Свист и удар! В пяти шагах от него взрыло сухую землю и скрылось ядро. Невольный холод пробежал по его спине. Он опять поглядел на ряды. Вероятно, вырвало многих; большая толпа собралась у 2 го батальона.
– Господин адъютант, – прокричал он, – прикажите, чтобы не толпились. – Адъютант, исполнив приказание, подходил к князю Андрею. С другой стороны подъехал верхом командир батальона.
– Берегись! – послышался испуганный крик солдата, и, как свистящая на быстром полете, приседающая на землю птичка, в двух шагах от князя Андрея, подле лошади батальонного командира, негромко шлепнулась граната. Лошадь первая, не спрашивая того, хорошо или дурно было высказывать страх, фыркнула, взвилась, чуть не сронив майора, и отскакала в сторону. Ужас лошади сообщился людям.

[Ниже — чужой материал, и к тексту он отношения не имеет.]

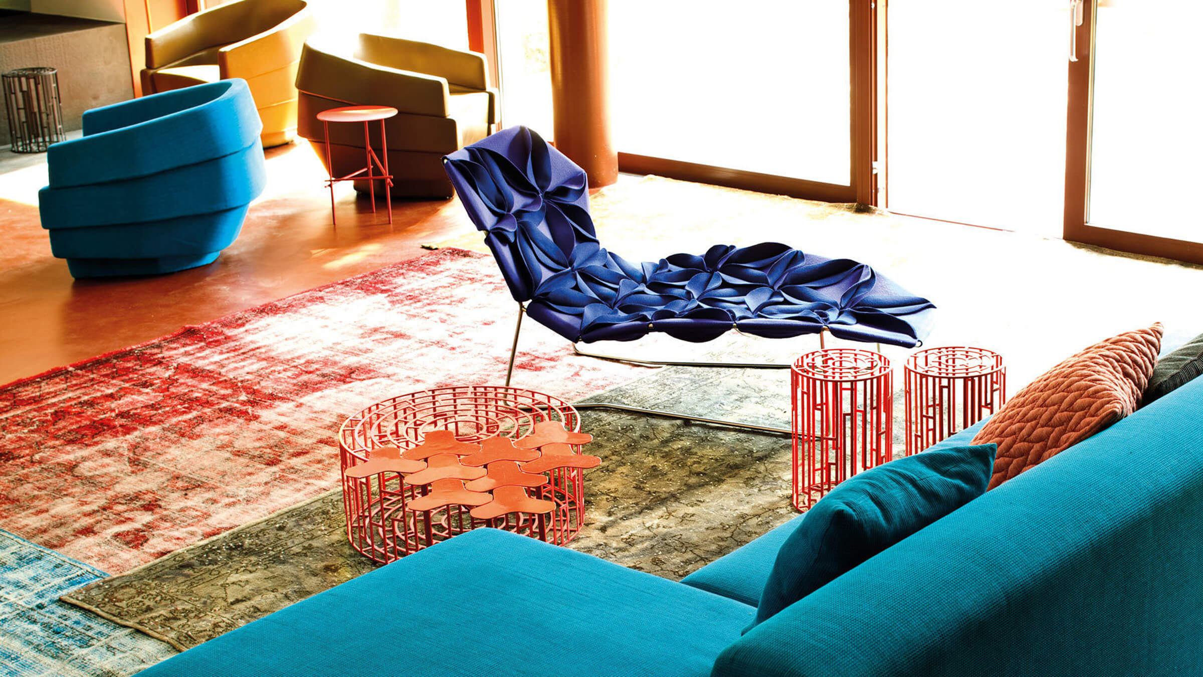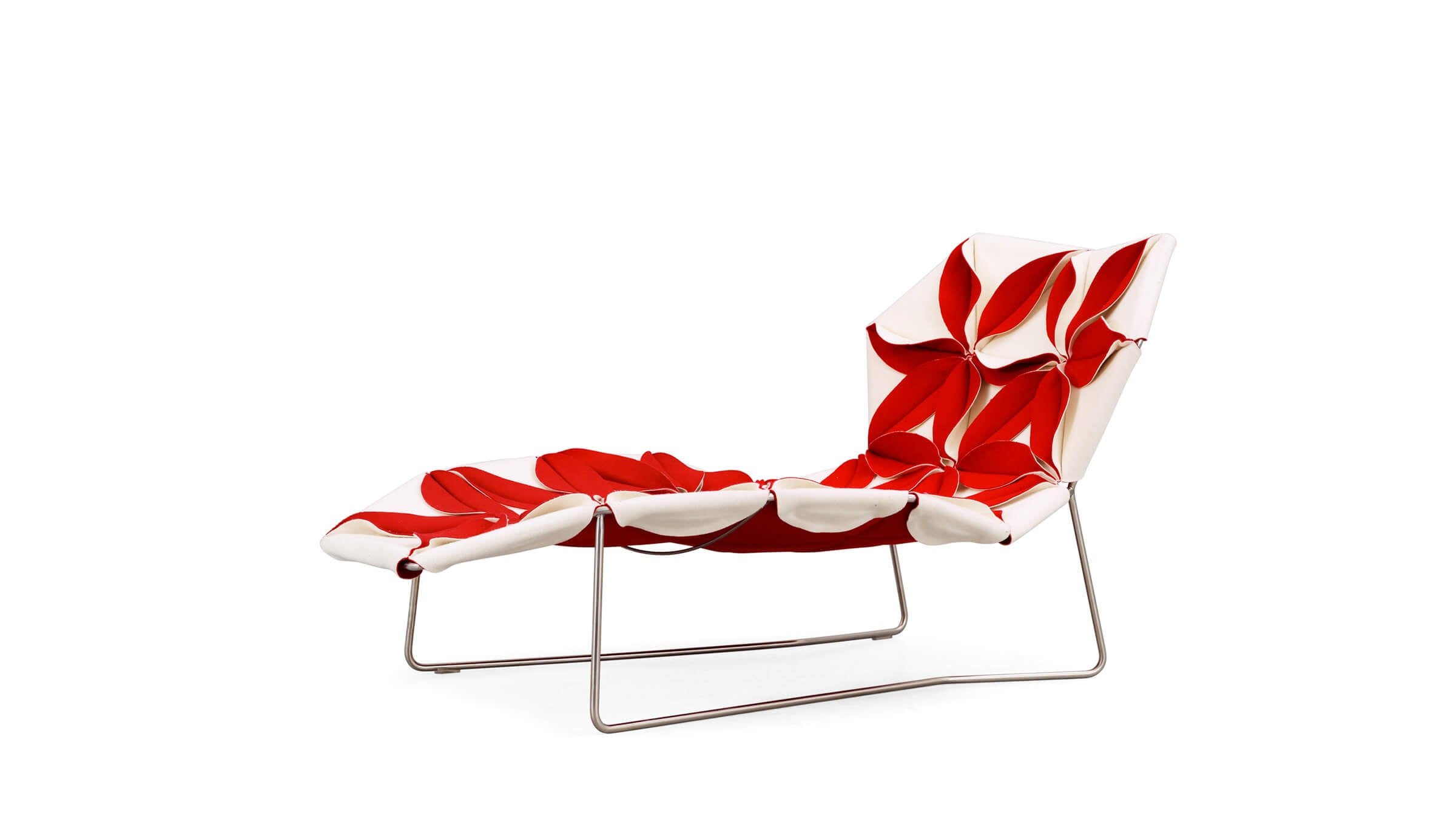 Seeking a new shape for a non-upholstered seating element, a lounge chair or a chaise longue, the design blossoms from petals sewn in triangular shapes, creating ample patterns. The lightly padded petals feature reversible materials.

– Ложись! – крикнул голос адъютанта, прилегшего к земле. Князь Андрей стоял в нерешительности. Граната, как волчок, дымясь, вертелась между ним и лежащим адъютантом, на краю пашни и луга, подле куста полыни.
«Неужели это смерть? – думал князь Андрей, совершенно новым, завистливым взглядом глядя на траву, на полынь и на струйку дыма, вьющуюся от вертящегося черного мячика. – Я не могу, я не хочу умереть, я люблю жизнь, люблю эту траву, землю, воздух… – Он думал это и вместе с тем помнил о том, что на него смотрят.